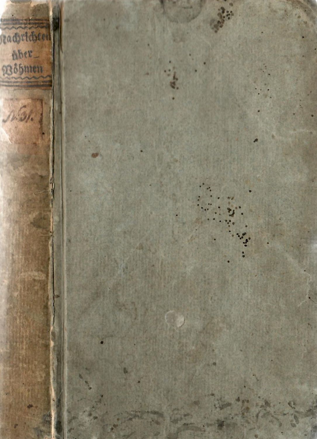 Holzmann-Bohatta III,6198 (uvádí místo vydání Salzburg); Zíbrt I,2732; BCBT 27783; SKC eviduje 1 ex. v Moravské zemské knihově a tři exempl. vydané v Salzburgu.<br>Tištěno švabachem, živá záhlaví, tištěné poznámky pod čarou, dvojité linky, mizící ozdobné linky, v záhlaví začátků některých kapitol uprostřed horního okraje větvička, na tit. listu viněta, vstupní vlys, tučně tištěné versálky, v úvodu báseň věnovaná císaři Josefu II.<br>Johann Joseph Kausch (16.9. 1751 Löwenberg - 10.3. 1825 Liegnitz) slezský lékař a spisovatel, člen několika učených společností ve Vídni, v Berlíně, ve Vratislavy, ...Krom zprávy o Čechách publikoval ještě zprávy o Slezsku a o Polsku.
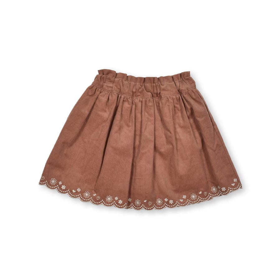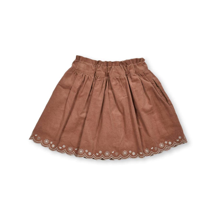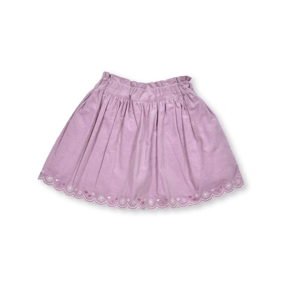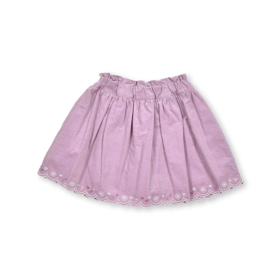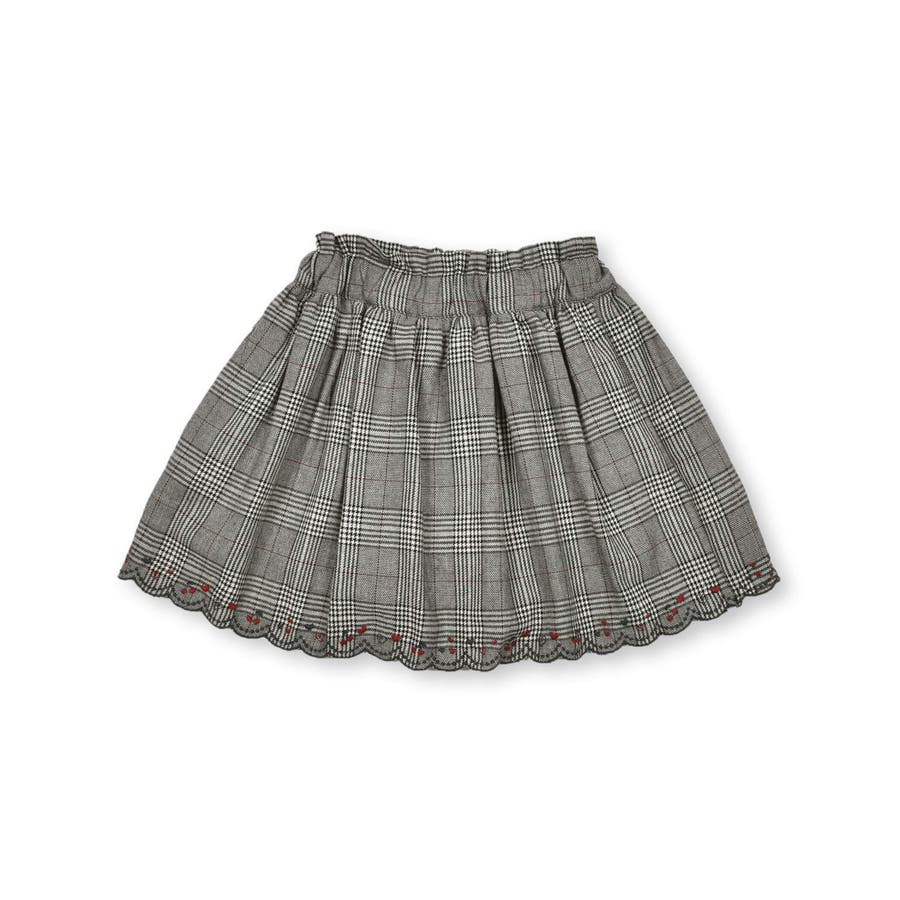 コーデュロイチェック柄裾スカラップ刺しゅうスカパン
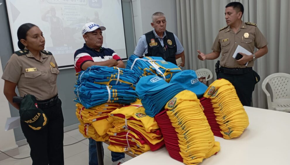 Fue al culminar la reunión del Comité Distrital de Seguridad Ciudadana, que lo preside el alcalde Juan Carranza Ventura, quien en compañía del gerente de Seguridad Ciudadana comandante EP (R) José Alvarado Mondoñedo, entregaron los 40 implementos a las JUVESC de color amarillo con filos rojos y 40 a las BAPES de color celeste, recibidos por el mayor PNP Jeinner Álvarez Pérez, jefe de la comisaría Nicolás Alcázar y la teniente PNP Lucero Machaca de la comisaría Sánchez Carrión, quienes a los que están en sus jurisdicciones.
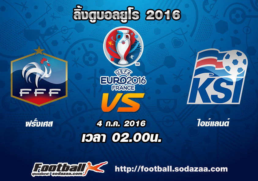 ลิ้งดูบอล ยูโร 2016 ฝรั่งเศส Vs ไอซ์แลนด์ เวลา 02.00น. คืนวันอาทิตย์ ที่ 3 กรกฎาคม 2559 บอลยูโร 2016 ดูได้ทั้ง คอมและมือถือ ดูผ่านเว็บง่ายๆ ไม่ต้องลงโปรแกรมดู เปิดดูได้เลย
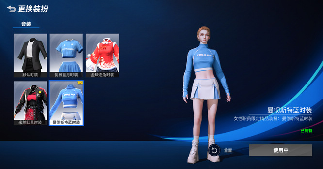 3月16日,《绿茵信仰》开启更衣室换装系统,大家可以进入主界面的【更衣室】,为我们美丽的职员更换时装!同时商城上新两套女性职员新装扮,曼彻斯特蓝精品时装和米兰红黑精品时装。经典配色、独特设计与精致的裁剪,让奥莉维亚与克洛伊更具魅力!
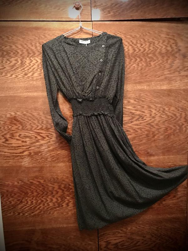 Модна сукня з кишенями.В поясі і на рукавах широка резинка.Рукав реглан. Довжина-1.14м.
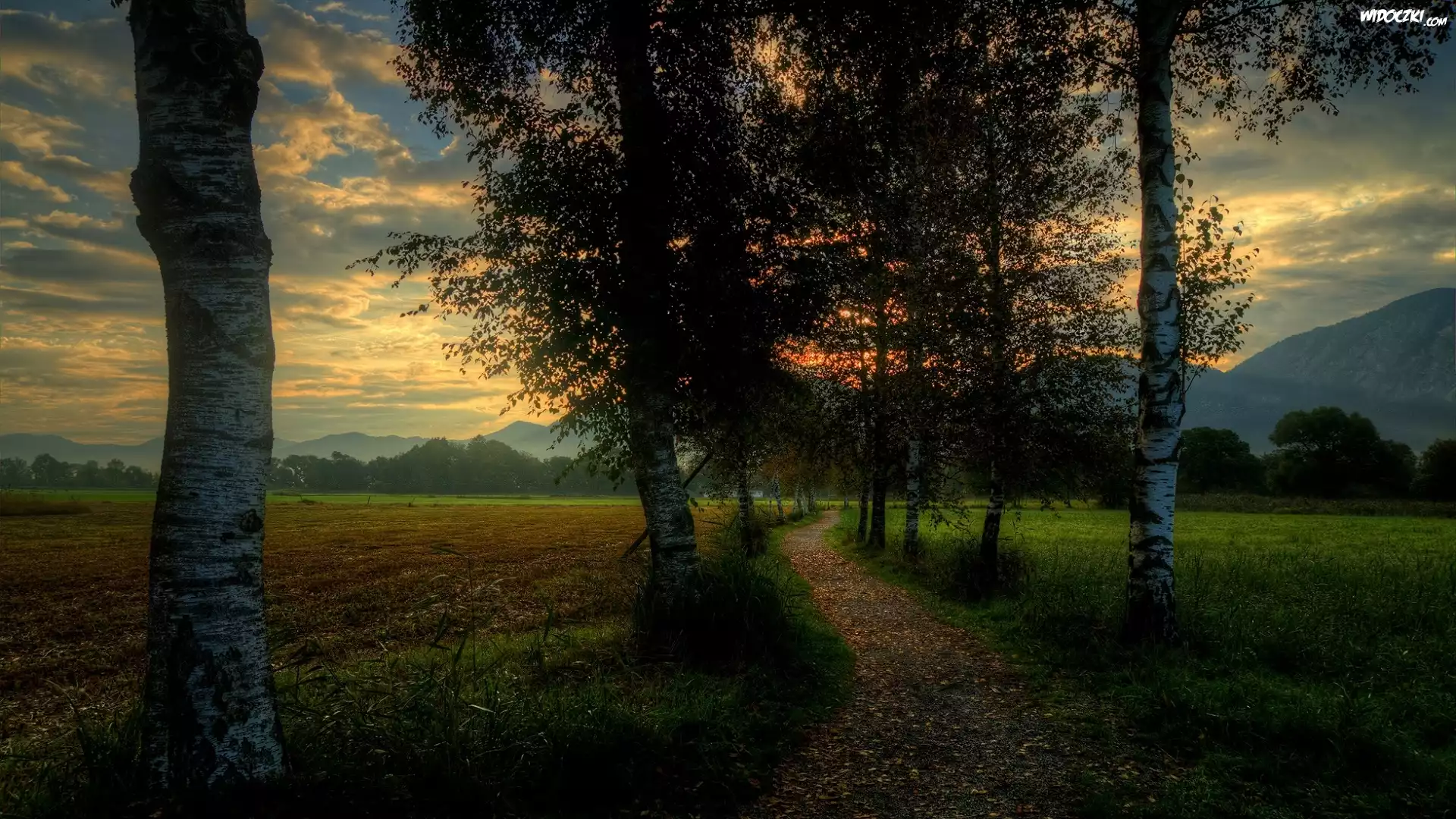 Wschód słońca, Mgła, Góry, Pola, Droga, Drzewa, Brzozy

━━━━━━━━━━━━━━━━

### [What is being asked]
The result should be a transcript of the lines from the line containing "Fue al culminar" through the end of the listing above, exact, inclusive, and without pictures.

### [Output of the task]
 Fue al culminar la reunión del Comité Distrital de Seguridad Ciudadana, que lo preside el alcalde Juan Carranza Ventura, quien en compañía del gerente de Seguridad Ciudadana comandante EP (R) José Alvarado Mondoñedo, entregaron los 40 implementos a las JUVESC de color amarillo con filos rojos y 40 a las BAPES de color celeste, recibidos por el mayor PNP Jeinner Álvarez Pérez, jefe de la comisaría Nicolás Alcázar y la teniente PNP Lucero Machaca de la comisaría Sánchez Carrión, quienes a los que están en sus jurisdicciones.
 ลิ้งดูบอล ยูโร 2016 ฝรั่งเศส Vs ไอซ์แลนด์ เวลา 02.00น. คืนวันอาทิตย์ ที่ 3 กรกฎาคม 2559 บอลยูโร 2016 ดูได้ทั้ง คอมและมือถือ ดูผ่านเว็บง่ายๆ ไม่ต้องลงโปรแกรมดู เปิดดูได้เลย
 3月16日,《绿茵信仰》开启更衣室换装系统,大家可以进入主界面的【更衣室】,为我们美丽的职员更换时装!同时商城上新两套女性职员新装扮,曼彻斯特蓝精品时装和米兰红黑精品时装。经典配色、独特设计与精致的裁剪,让奥莉维亚与克洛伊更具魅力!
 Модна сукня з кишенями.В поясі і на рукавах широка резинка.Рукав реглан. Довжина-1.14м.
 Wschód słońca, Mgła, Góry, Pola, Droga, Drzewa, Brzozy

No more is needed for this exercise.